Noch ist das Shoppingcenter in Rümlang ZH etwas verwaist, als die Gruppe, bestehend aus zehn Kindern zwischen 10 und 14 Jahren und einer Mama, auf die erste Etage zusteuert. Hier befindet sich das Flip Lab, eine neue Trampolinhalle mit rund 120 Sprungplattformen und Ausblick auf den Flughafen Zürich. Dessen Anflug- und Abflugpisten sind gerade mal gut zwei Kilometer entfernt. Na dann, guten Flug, Kinder!

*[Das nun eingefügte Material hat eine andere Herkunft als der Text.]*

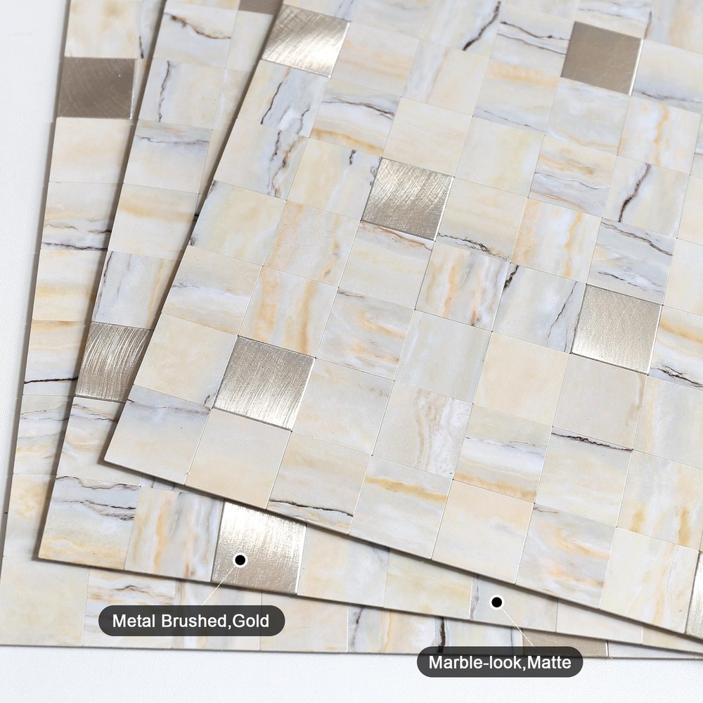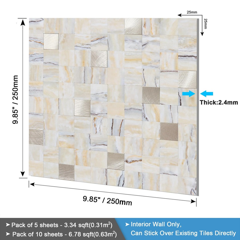 Square peel and stick backsplash,Kitchen peel and stick backsplash,Peel and stick bathroom backsplash tile,Peel and stick marble backsplash,Peel and stick backsplash,Peel and stick tile,Backsplash tile for kitchen peel and stick,Peel and stick backsplash for kitchen,Wall panels,3d wall panel,Backsplash,Kitchen backsplash tiles peel and stick,3d wall panels peel and stick,Kitchen backsplash,Stick on backsplash for kitchen Peel and Stick Backsplash Tile Measurement:Square mosaic tiles with tight joints,imitation marble tiles,total 100 chips cutted and mounted on adhesive backing one by oone by hand,these are mosaic tile stickers instead of thin vinyl backsplash Easy DIY Peel and Stick Tiles Kitchen Tiles:Light weight and thin tile sheet,2.4 mm thickness,appr.0.22~0.23 lbs each sheet,just peel and stick.Ideal stick on tiles stickers for kitchen backsplash and bathroom wall panels,save your treasure time and job Backsplash Tile Features:Waterproof peel and stick shower tiles made of durable resin plastic material,surface high gloss finishing, stain-resistant.Easy to wipe with sponge or damp cloth Mosaic Tiles Peel and Stick:Perfect for bedroom,dining areas,bathrooms,offices,stairs,kitchen backsplash,mirror tiles or on any other smooth surfaces(such as metal,glass,stainless steel, ceramic,plastic,wood, etc.) Worthful to Buy Waterproof Stick on Tiles:Adhesive wall tiles peel and stick,easier to work with than big rolls or larger tiles as they can be easily trimmed with scissors or utility knives so you can customize them the way you want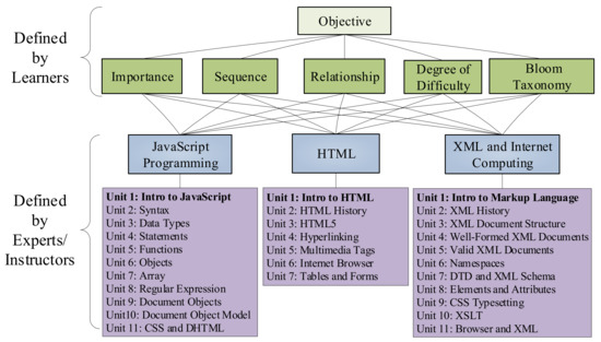 The knowledge design for a specific course could be mapped into a set of learning objects according to the famous Bloom’s Taxonomy [23] or its revised counterparts [24,25] as depicted in Figure 6. In Bloom’s Taxonomy, the knowledge dimension organizes domain knowledge into a hierarchy, which teaches users to learn about what, how, and then why, and the cognitive process dimension can be used as a guideline for designing the pedagogy for a specific course.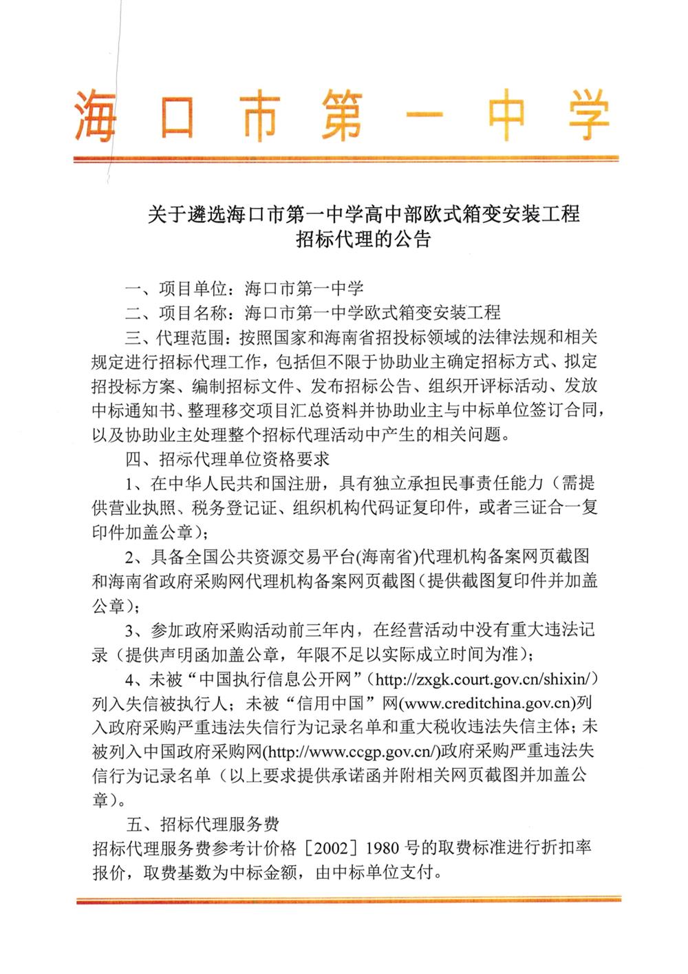 关于遴选海口市第一中学高中部欧式箱变安装工程招标代理的公告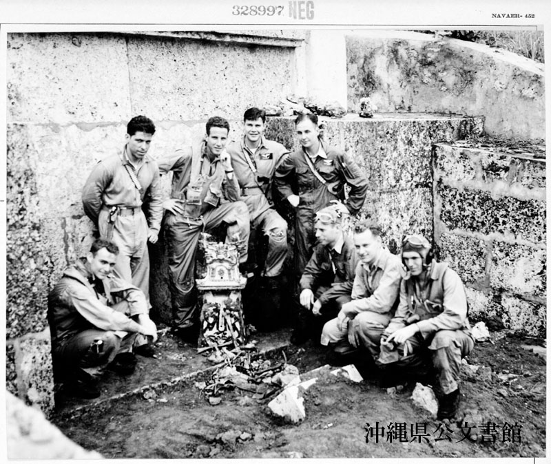 【和訳】 嘉手納飛行場近くの墓の前でたたずむ第83飛行部隊の将校達。左からレヴェレン中尉、バラーモ中尉、ウッド中尉、シャムウェイ中尉、スリーペック中尉、スチュワート少佐、ピアース中尉、ストラウス少尉。
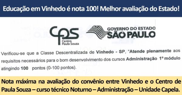 Nota 100, numa escala de 0 a 100. Esta foi a nota máxima concedida pelo Governo do Estado de São Paulo à VINHEDO na parceria entre a Prefeitura e o Centro de Paula Souza. O reconhecimento da excelência em infraestrutura foi oficializado nesta semana em comunicado do Governo do Estado de São Paulo ao prefeito Jaime Cruz. “Mais do que discurso, este é um reconhecimento de que VINHEDO, em nossa gestão, tem investido muito, na prática, em Educação, pilar do desenvolvimento pessoal e profissional. Desde a Educação Infantil, reconhecida pela Fundação Seade como cidade com melhor investimento em Educação para a 1ª Infância; passando pelo Fundamental I e II, com excelentes notas em índices de avaliação como IDEB; o EJA, com oportunidades para estudos aos adultos; e agora o reconhecimento da parceria com curso técnico em Administração, é comprovação de que estamos no caminho certo da gestão pública moderna e que prioriza a Educação, acima de tudo”, comenta o prefeito Jaime Cruz. Na avaliação, repassada pelo Estado, consta que VINHEDO teve nota máxima em todos os quesitos: computadores, internet, software, equipamentos de multimídia, instalações das salas de aula, acervo bibliográfico, qualidade da assistência, alimentação dos alunos, entre outros itens.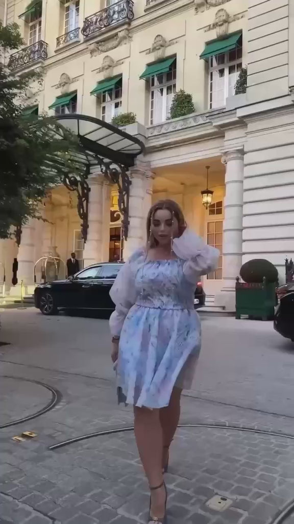 Къса рокля от органза на цветя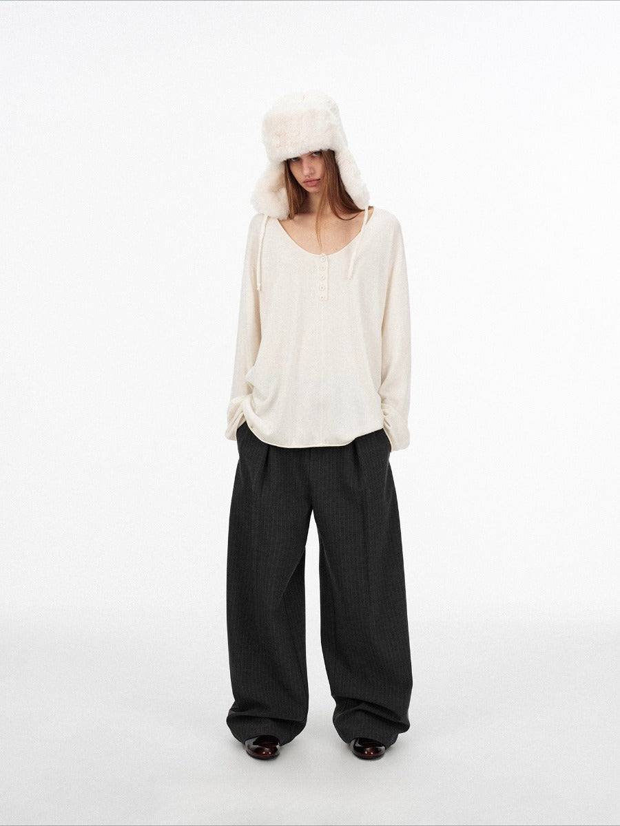 Low-rise Striped Loose Suit Pants「NEW」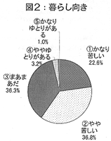 暮らし向きについての問いには図2のとおり、およそ6割が「苦しい」と答えており、昨年と比較すると「まあまあだ」が約5%増え、「苦しい」が5%減っています。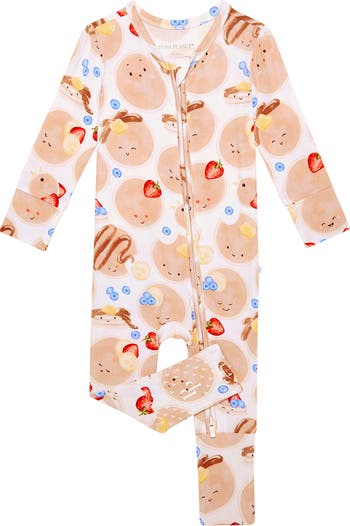 Delectable looking pancakes bring abundant charm to this zip footie made from buttery-soft fabric and finished with grips on the feet for steady standing and stepping.

«Die Verletzungsgefahr ist nicht gerade unerheblich.»
Pasha Antonov, Instruktor
Aber bevor die Kids zu ihren Höhenflügen auf den Trampolinen ansetzen, gilt es, einige Regeln zu befolgen: Ohrschmuck sowie Ringe müssen abgelegt und rutschfeste Socken angezogen werden. Es folgt ein kurzes Aufwärmtraining mit Pasha Antonov, 36. Der Instruktor im Flip Lab, ursprünglich ein ausgebildeter Balletttänzer, überwacht mit scharfem Blick die Kinder, die wie «Gumpibälle» durch die 3000 Quadratmeter grosse Halle spicken. «Wichtig ist, dass die Besucher ihre Körperspannung und ihren Gleichgewichtssinn richtig einschätzen können», so Antonov. «Sonst ist die Verletzungsgefahr nicht gerade unerheblich.»
Nichtsdestotrotz: Trampolinspringen ist derzeit schwer angesagt. Es trifft den Nerv der Zeit. Überall spriessen Hallen aus dem Boden wie Ranunkeln im Frühling. Im letzten August eröffnete das Bounce Lab in Belp BE, im November das Rümlanger Flip Lab, zwei Monate später die Jump Factory in Münchenstein BL. Und diesen Herbst soll der Jumping Dome in Rohrbach BE seine Tore öffnen. «Die Mischung aus Spiel und Sport, Adrenalin und Wettkampf macht es so attraktiv», sagt Pasha. «Ausserdem werden dabei kleinste Muskelpartien beansprucht, und man verbrennt dreimal so viele Kalorien wie beim Joggen.»
Und dann gibt es noch die TV-Event-Shows wie «Ninja Warrior», «Ultimate Beastmaster» oder «Big Bounce», die auch ihr Übriges dazutun. Im Flip Lab gibts darum nicht nur Trampoline, sondern auch einen Base-Ninja-Parcour und eine Big-Bounce-Strecke. Und auf diese rasen die Kids gerade zu.
Die Mission auf der etwa 150 Meter langen Strecke verlangt, über imposante Hindernisse höher, schneller und weiter zu springen als die Gegner. Viertklässler Ilja, 10, drückt am Start den roten Buzzer. Die Zeit läuft. Eine Sekunde, zwei Sekunden, drei Sekunden. Ilja flitzt über die Hindernisse, als gäbs keine Schwerkraft. Er hüpft, hopst, springt und hechtet zurück zum Buzzer. Stopp! 33,4 Sekunden. Nicht schlecht, das Ergebnis!
«Der mobile Medienkonsum bewirkt Haltungsschäden, die sich beim Springen bemerkbar machen.»
Pasha Antonov, Instruktor
Seine Mutter Franziska Langegger, 47, beobachtet derweil im kleinen Bistro auf der Galerie die muntere Szenerie. Bis vor einem Jahr hat sie mit ihrer Familie in Hongkong gelebt. Dort haben ihre drei Kinder Ilja und die Schwestern Allegra, 12, und Vega, 13, solche Hallen kennen- und lieben gelernt. Und freuen sich umso mehr, dass es auch in der Nähe von Zürich eine gibt. Der Eintritt kostet 26 Franken pro Kind und Stunde. Zwei Stunden Spielspass sind dabei die oberste Grenze, denn nach gut 45 Minuten Nonstop-Springen sind die Kids ziemlich ausgepowert. Einigen zwickt es sogar im Rücken. «Daran ist das Handy schuld», sagt Pasha Antonov. «Der mobile Medienkonsum bewirkt Haltungsschäden.»
Doch in dieser Halle ist das Handy für einmal kein Thema. Hier wollen die Kinder der Schwerkraft ein Schnippchen schlagen und einfach mal fliegen. So wie die Flugzeuge auf der andern Strassenseite.